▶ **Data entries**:
------------------------------
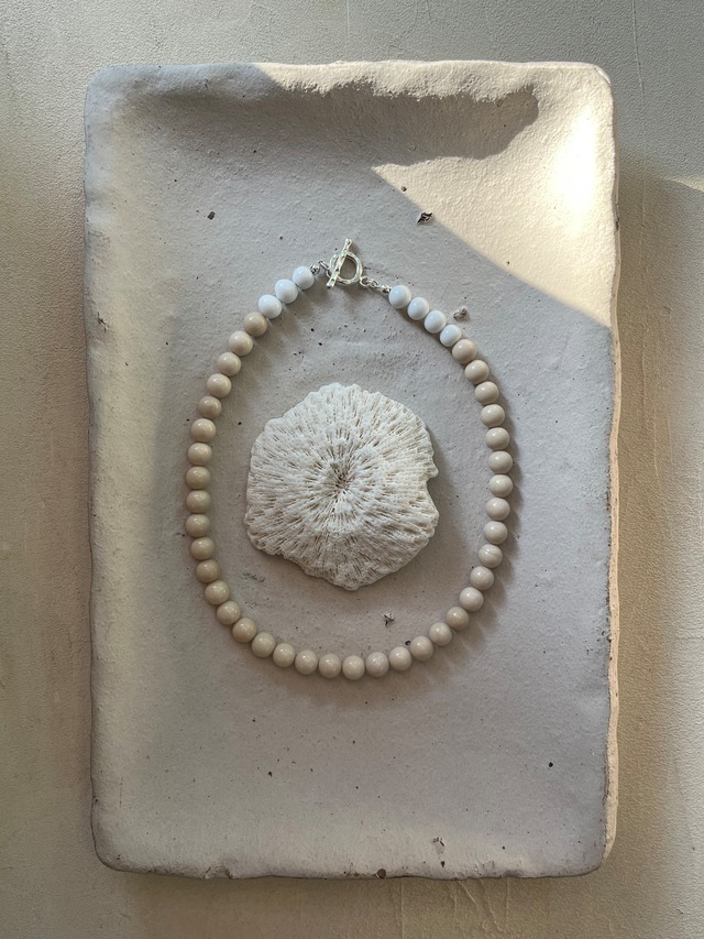◇Milk tea choker◇ ※受注生産になりますのでお支払い完了を確認後にお届けまで1~2週間ほどいただきます。お急ぎの方はメッセージや備考欄に明記をお願いします。ご要望に合わせて出来る限りの対応はさせていただきます。 肌なじみの良いミルクティー色のリバーストーンに惹かれて作ったチョーカータイプのネックレス。天然石の持つ魅力と力強さ、ヴィンテージのガラスビーズが放つ歪さと愛くるしさとのマリアージュもお楽しみください。 ベージュのの8mm丸玉はリバーストーン。ほんのりと模様が入っていてボリュームもしっかりあります。HUEらしさを少し含みたく、ジャパンヴィンテージの丸玉ビーズをエンドパーツの近くに7粒入れました。留め具に使ったマンテルはカレンシルバー(95%以上シルバー)になります。 単品でももちろん満足感のある商品ですが、これからの季節におすすめの重ね着けを楽しめるようにそれぞれを違う長さでお作りしました。シンプルなニットやスウェットに合わせたりリネンのシャツに合わせたり。 以前に販売しているHUEの他のネックレスやチャームとの合わせやすさも意識して制作致しました。 永く使えるビーズネックレスに仕上げたかったので、金具は高級感のあるsilver製のものを使用しています。マンテルのハンマートーンのテクスチャーも良い感じです◎ 長さ:約39cm ※リバーストーンの玉の数2つ分までサービスで長さを足す事は可能です。ご希望の方は1粒(8mm)追加、又は2粒(16mm)追加を【備考欄】に書いて下さい。 ※2連等でブレスレットは中に通しているワイヤーが変形してしまうためおすすめ致しません 素材:リバーストーン、日本製ヴィンテージガラス、金具はsilver製(925又は950)
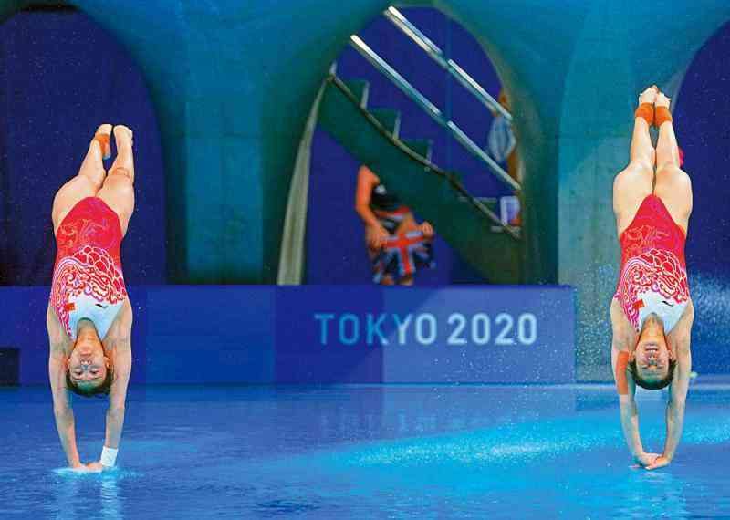 圖:王涵(左)及施廷懋入水前一刻。\新華社
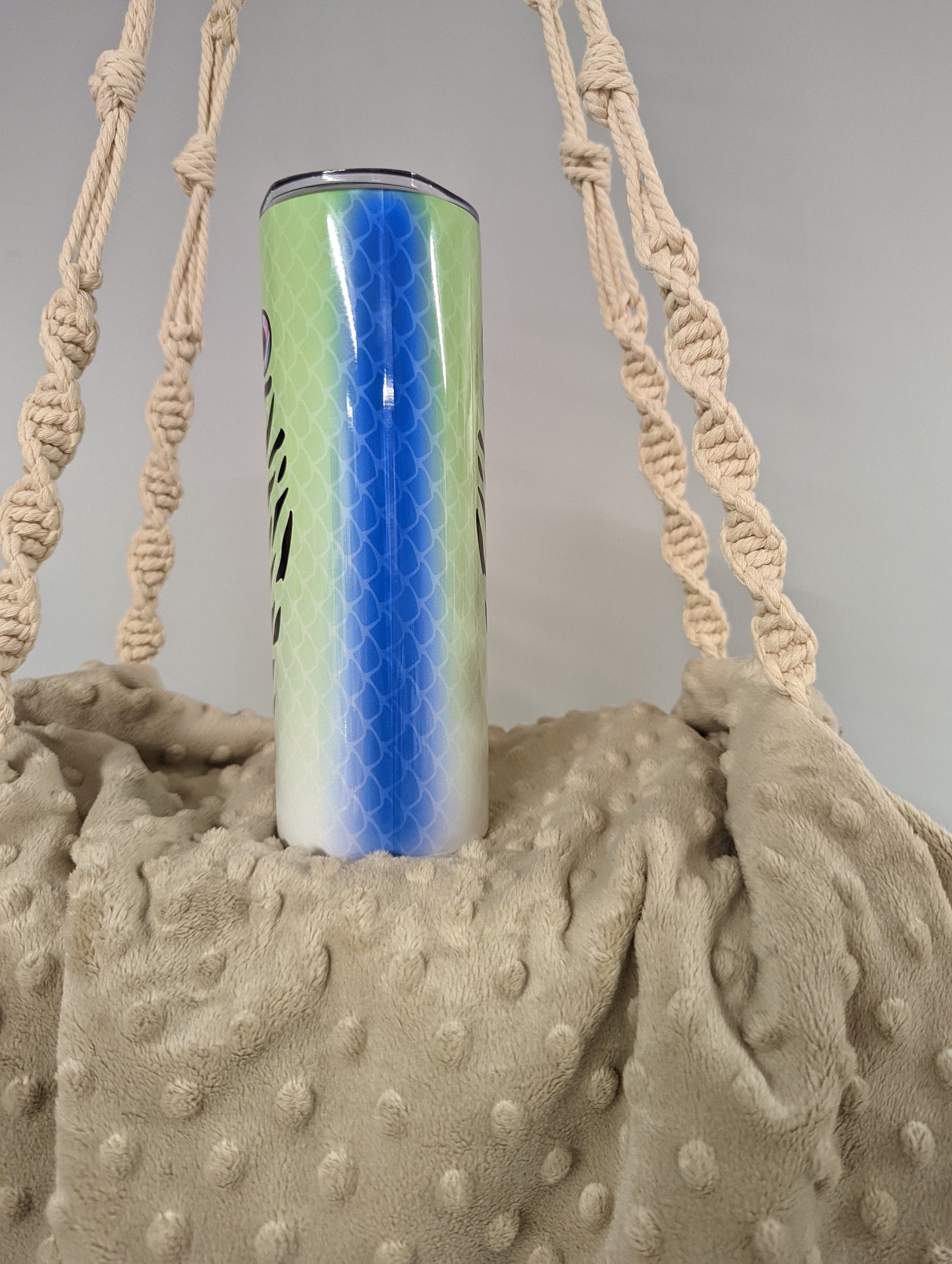 Fish Scale Tumbler – Lure-Inspired Green Gradient with Eye and Scale Detail
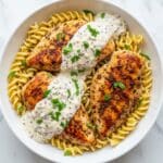 This Caesar Chicken recipe features tender chicken breasts baked in a rich, creamy Caesar dressing and Parmesan cheese mixture, resulting in a flavorful and comforting main dish. Perfectly baked to golden perfection, it pairs wonderfully with a variety of sides like Parmesan noodles and green beans.
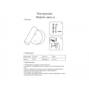 | Характеристики |  | | Источник света: | | | Лампа: | Светодиоды 3 Вт | | Цветовая температура: | 3000K (Белый тёплый) | | Сила света: | 240Лм |
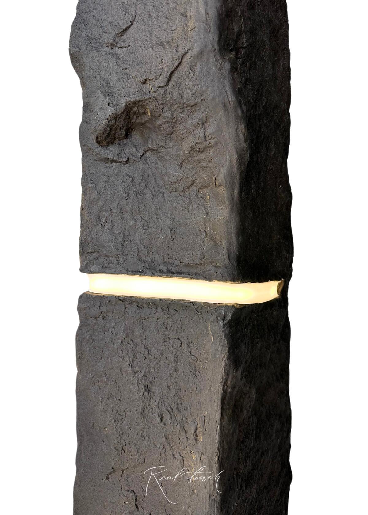 Этот стильный искусственный камень, выполненный из цемента и стекловаты, станет изысканным элементом декора, добавляющим интерьеру нотки природной эстетики и современного шика. Покрытый глубокой серой краской, он создает эффект натурального камня, а встроенная подсветка мягко рассеивает свет, наполняя пространство уютом и загадочным мерцанием.
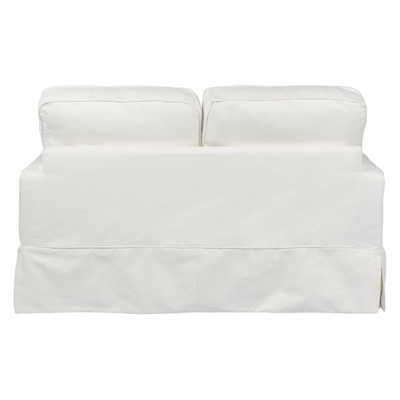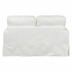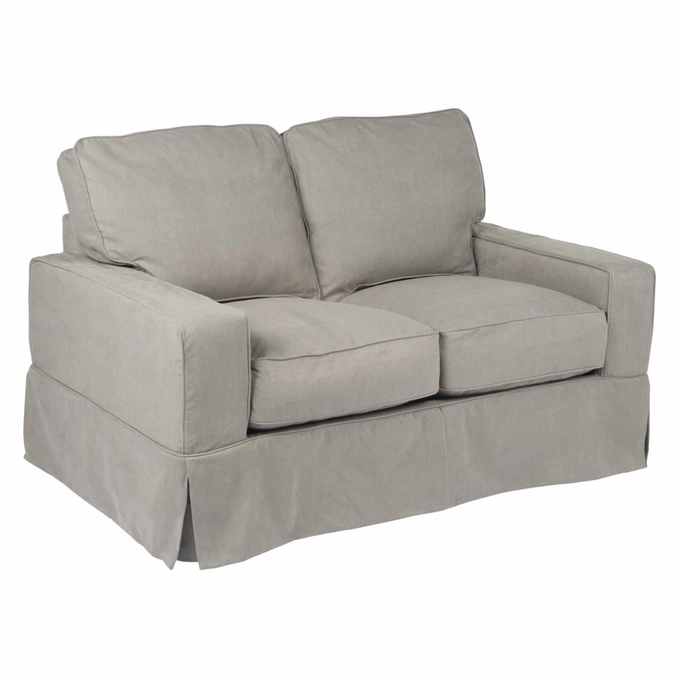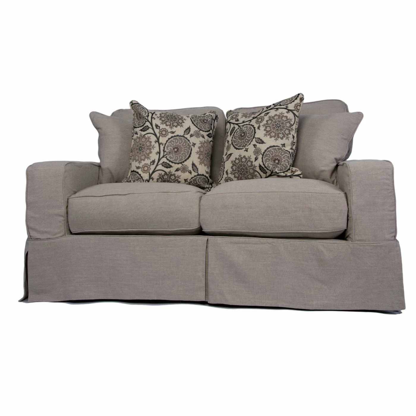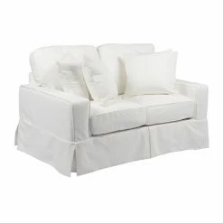 Add a casual vibe and livable comfort to your home with the Sunset Trading Americana Slipcovered Loveseat. The laid back slipcover design and kick pleated skirt creates a crisp, preppy style. Generous arms and welted, box style cushions create a classic silhouette. Polyester blend upholstery comes in a range of color options. This loveseat includes four dashing accent pillows that add style and softness. Two pillows have a solid color and the other two come in a coordinating pattern.
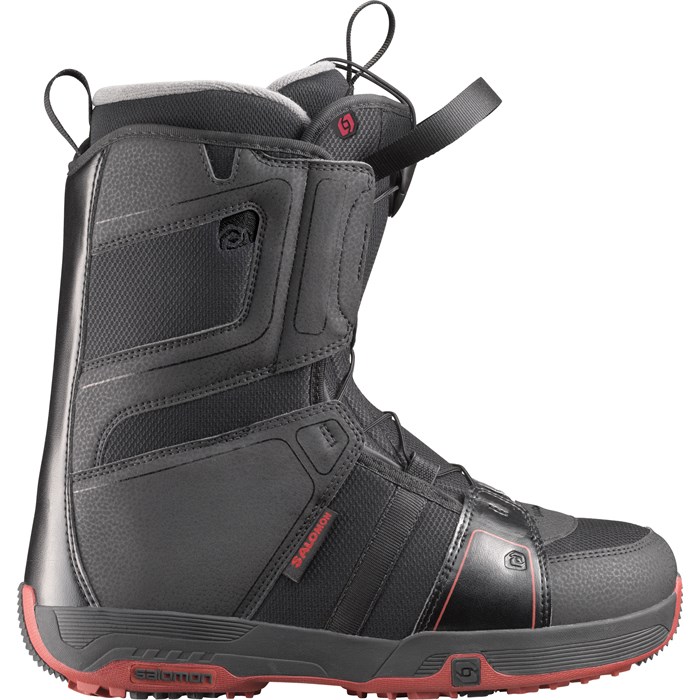 The Salomon Echelon Snowboard Boots are accented with red throughout the boot, on the outsole, and on the Salomon logos creating a sleek effect.
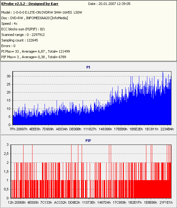 Результаты чтения записанных дисков, на приводе Lite-On c помощью утилиты KProbe
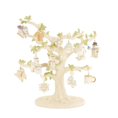 Material: porcelain 24K gold accents Gold cords for hanging For decorative use Includes (12) ornaments and (1) ornament tree Ornament tree measures 12.25"H x 10"L x 8"W Imported
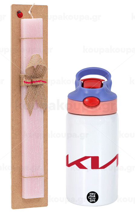 KIA, Πασχαλινή Λαμπάδα με Παιδικό παγούρι θερμό, ανοξείδωτο, με καλαμάκι ασφαλείας, ροζ/μωβ (350ml) & κερί αρωματικό πλακέ (30cm) (ΡΟΖ)
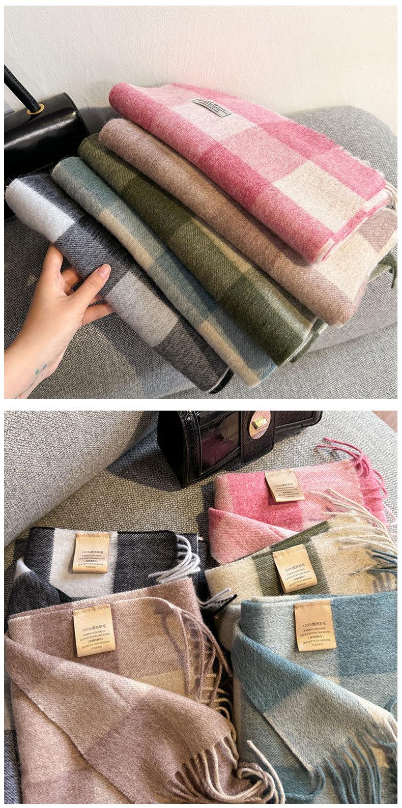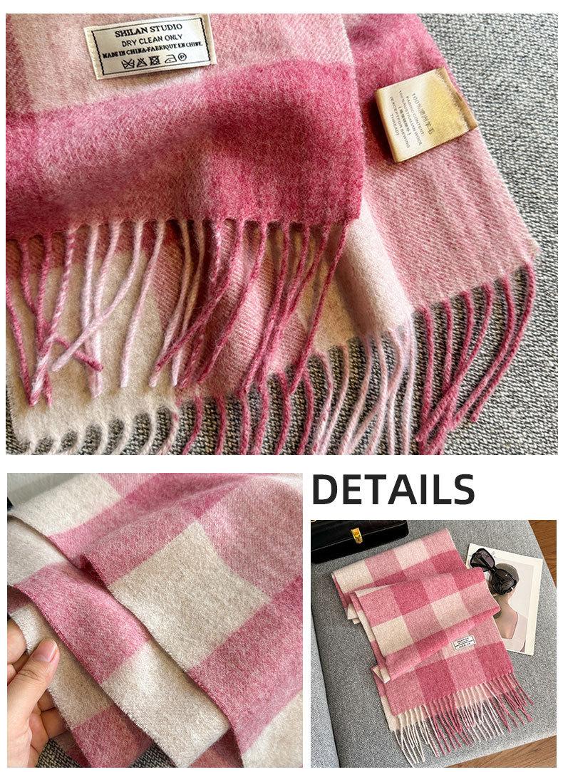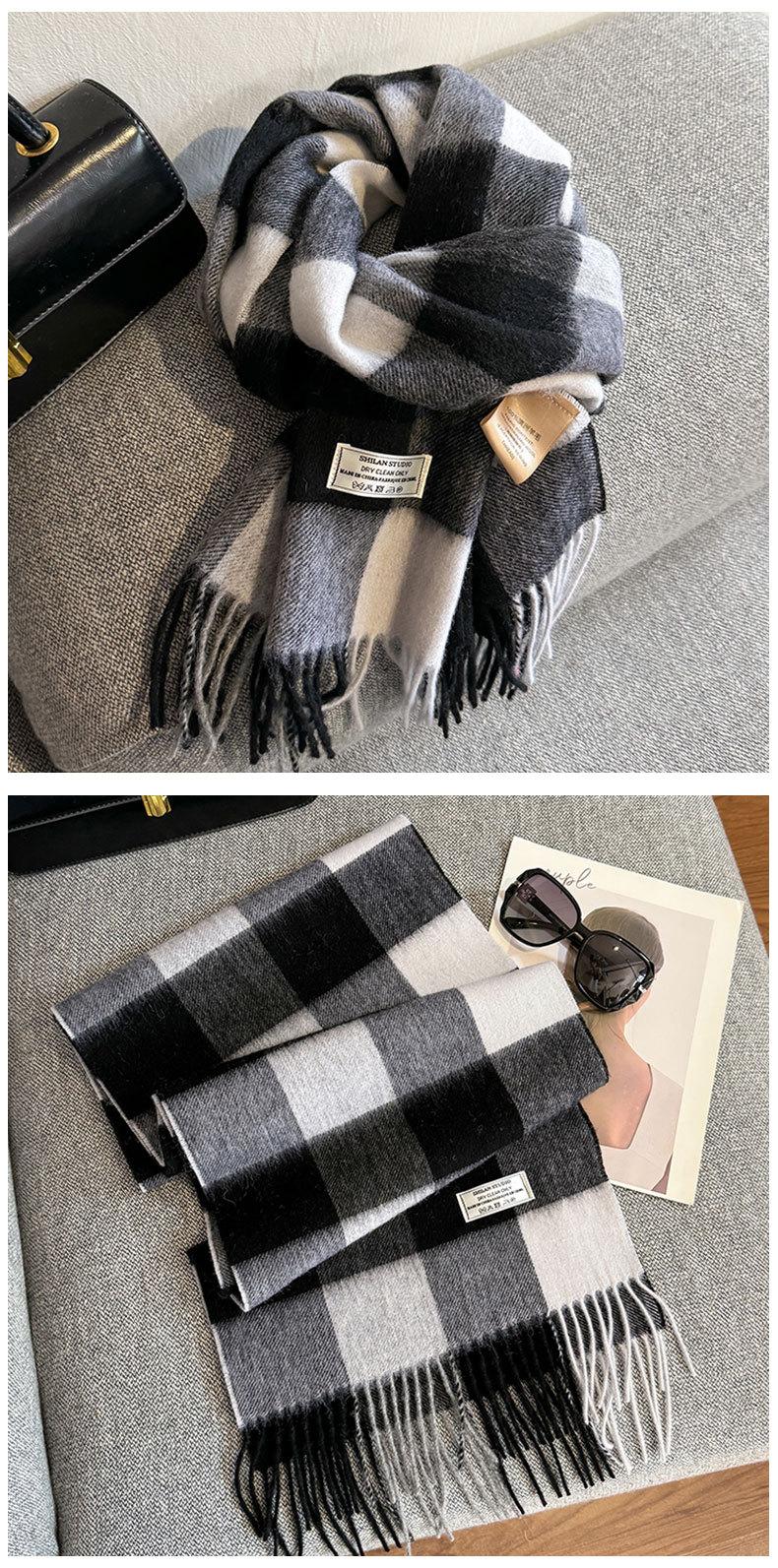 Bufanda a cuadros de lana 100% nueva para mujer, invierno, estudiante, combinable con todo, unisex, cálida, para pareja, bufanda de cachemira
------------------------------
▶ **THE PROBLEM**:
Set down every entry exactly as it appears, but skip the pictures.

▶ **EXERCISE OUTPUT**:
◇Milk tea choker◇ ※受注生産になりますのでお支払い完了を確認後にお届けまで1~2週間ほどいただきます。お急ぎの方はメッセージや備考欄に明記をお願いします。ご要望に合わせて出来る限りの対応はさせていただきます。 肌なじみの良いミルクティー色のリバーストーンに惹かれて作ったチョーカータイプのネックレス。天然石の持つ魅力と力強さ、ヴィンテージのガラスビーズが放つ歪さと愛くるしさとのマリアージュもお楽しみください。 ベージュのの8mm丸玉はリバーストーン。ほんのりと模様が入っていてボリュームもしっかりあります。HUEらしさを少し含みたく、ジャパンヴィンテージの丸玉ビーズをエンドパーツの近くに7粒入れました。留め具に使ったマンテルはカレンシルバー(95%以上シルバー)になります。 単品でももちろん満足感のある商品ですが、これからの季節におすすめの重ね着けを楽しめるようにそれぞれを違う長さでお作りしました。シンプルなニットやスウェットに合わせたりリネンのシャツに合わせたり。 以前に販売しているHUEの他のネックレスやチャームとの合わせやすさも意識して制作致しました。 永く使えるビーズネックレスに仕上げたかったので、金具は高級感のあるsilver製のものを使用しています。マンテルのハンマートーンのテクスチャーも良い感じです◎ 長さ:約39cm ※リバーストーンの玉の数2つ分までサービスで長さを足す事は可能です。ご希望の方は1粒(8mm)追加、又は2粒(16mm)追加を【備考欄】に書いて下さい。 ※2連等でブレスレットは中に通しているワイヤーが変形してしまうためおすすめ致しません 素材:リバーストーン、日本製ヴィンテージガラス、金具はsilver製(925又は950)
 圖:王涵(左)及施廷懋入水前一刻。\新華社
 Fish Scale Tumbler – Lure-Inspired Green Gradient with Eye and Scale Detail
 This Caesar Chicken recipe features tender chicken breasts baked in a rich, creamy Caesar dressing and Parmesan cheese mixture, resulting in a flavorful and comforting main dish. Perfectly baked to golden perfection, it pairs wonderfully with a variety of sides like Parmesan noodles and green beans.
 | Характеристики |  | | Источник света: | | | Лампа: | Светодиоды 3 Вт | | Цветовая температура: | 3000K (Белый тёплый) | | Сила света: | 240Лм |
 Этот стильный искусственный камень, выполненный из цемента и стекловаты, станет изысканным элементом декора, добавляющим интерьеру нотки природной эстетики и современного шика. Покрытый глубокой серой краской, он создает эффект натурального камня, а встроенная подсветка мягко рассеивает свет, наполняя пространство уютом и загадочным мерцанием.
 Add a casual vibe and livable comfort to your home with the Sunset Trading Americana Slipcovered Loveseat. The laid back slipcover design and kick pleated skirt creates a crisp, preppy style. Generous arms and welted, box style cushions create a classic silhouette. Polyester blend upholstery comes in a range of color options. This loveseat includes four dashing accent pillows that add style and softness. Two pillows have a solid color and the other two come in a coordinating pattern.
 The Salomon Echelon Snowboard Boots are accented with red throughout the boot, on the outsole, and on the Salomon logos creating a sleek effect.
 Результаты чтения записанных дисков, на приводе Lite-On c помощью утилиты KProbe
 Material: porcelain 24K gold accents Gold cords for hanging For decorative use Includes (12) ornaments and (1) ornament tree Ornament tree measures 12.25"H x 10"L x 8"W Imported
 KIA, Πασχαλινή Λαμπάδα με Παιδικό παγούρι θερμό, ανοξείδωτο, με καλαμάκι ασφαλείας, ροζ/μωβ (350ml) & κερί αρωματικό πλακέ (30cm) (ΡΟΖ)
 Bufanda a cuadros de lana 100% nueva para mujer, invierno, estudiante, combinable con todo, unisex, cálida, para pareja, bufanda de cachemira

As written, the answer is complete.